• _Data excerpt_

::::::

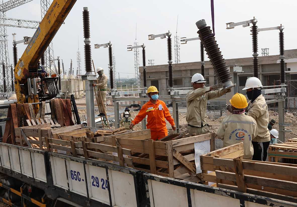 Lắp đặt thiết bị trạm biến áp 220kV An Phước. Ảnh: Ngọc Hà/Icon.com.vn
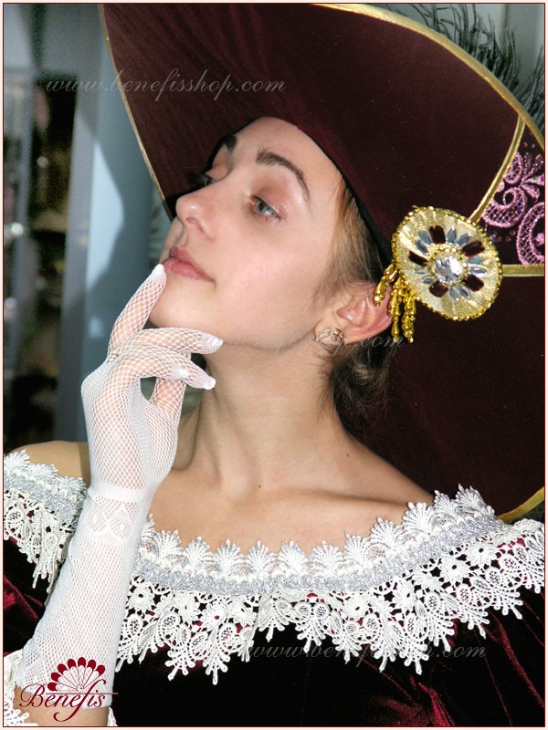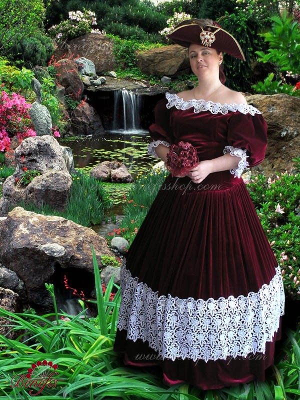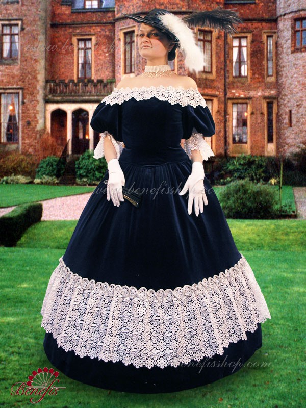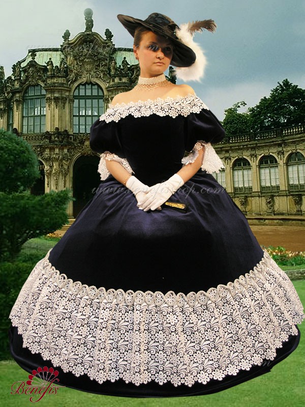 This dress is made of velvet. The bodice is with opened shoulders and puff sleeves. The skirt consists of three layers: velvet, tulle and lining. The dress is beautified with heavy laces in age-old style and is trimmed with silver cord. The dress fastens with zip or claspers (depending on the client’s wish).
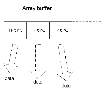 When using an array of non-modifiable pointer descriptors, the data represented by each TPtrC exists independently of the TPtrC itself. The memory required by the array is that required to contain the TPtrC elements. The data represented by the TPtrC descriptors is not copied or moved. On the other hand, that same data must be guaranteed to remain in memory if the array is to have any purpose.
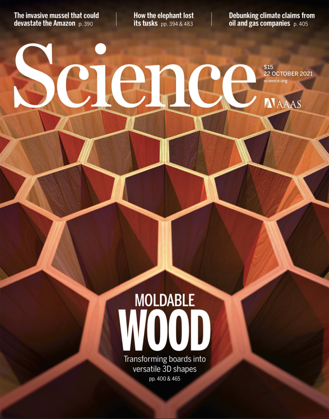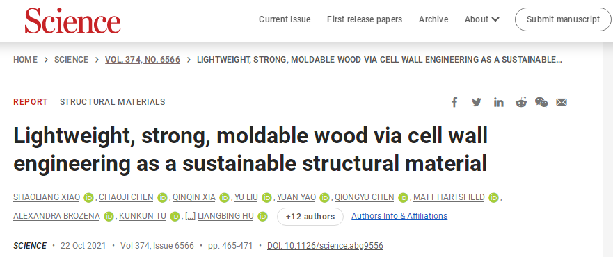 木材是一种可持续的结构材料,但它不能在保持其机械性能的同时轻松成型。近日,马里兰大学胡良兵教授课题组报道了一种加工策略,该策略使用细胞壁工程将硬木平板成形为通用的三维(3D)结构。在分解了木材的木质素成分并通过蒸发水分封闭了导管和纤维之后,作者在快速的水冲击过程中部分地使木材重新膨胀,从而选择性地打开导管。这形成了独特的褶皱细胞壁结构,允许材料被折叠和成型为所需的形状。最终的3D模制木材比原始木材强六倍,可与铝合金等广泛使用的轻质材料相媲美。这种方法扩大了木材作为结构材料的潜力,对建筑和运输应用的环境影响较小。相关研究工作以“Lightweight, strong, moldable wood via cell wall engineering as a sustainable structural material”为题发表在国际顶级期刊《Science》上,并作为封面!

::::::

• _Aim of the task_
Repeat the listing above from its first line through the line that contains "This dress is", both included, and nothing more. Drop the pictures.

• _Result below_
 Lắp đặt thiết bị trạm biến áp 220kV An Phước. Ảnh: Ngọc Hà/Icon.com.vn
 This dress is made of velvet. The bodice is with opened shoulders and puff sleeves. The skirt consists of three layers: velvet, tulle and lining. The dress is beautified with heavy laces in age-old style and is trimmed with silver cord. The dress fastens with zip or claspers (depending on the client’s wish).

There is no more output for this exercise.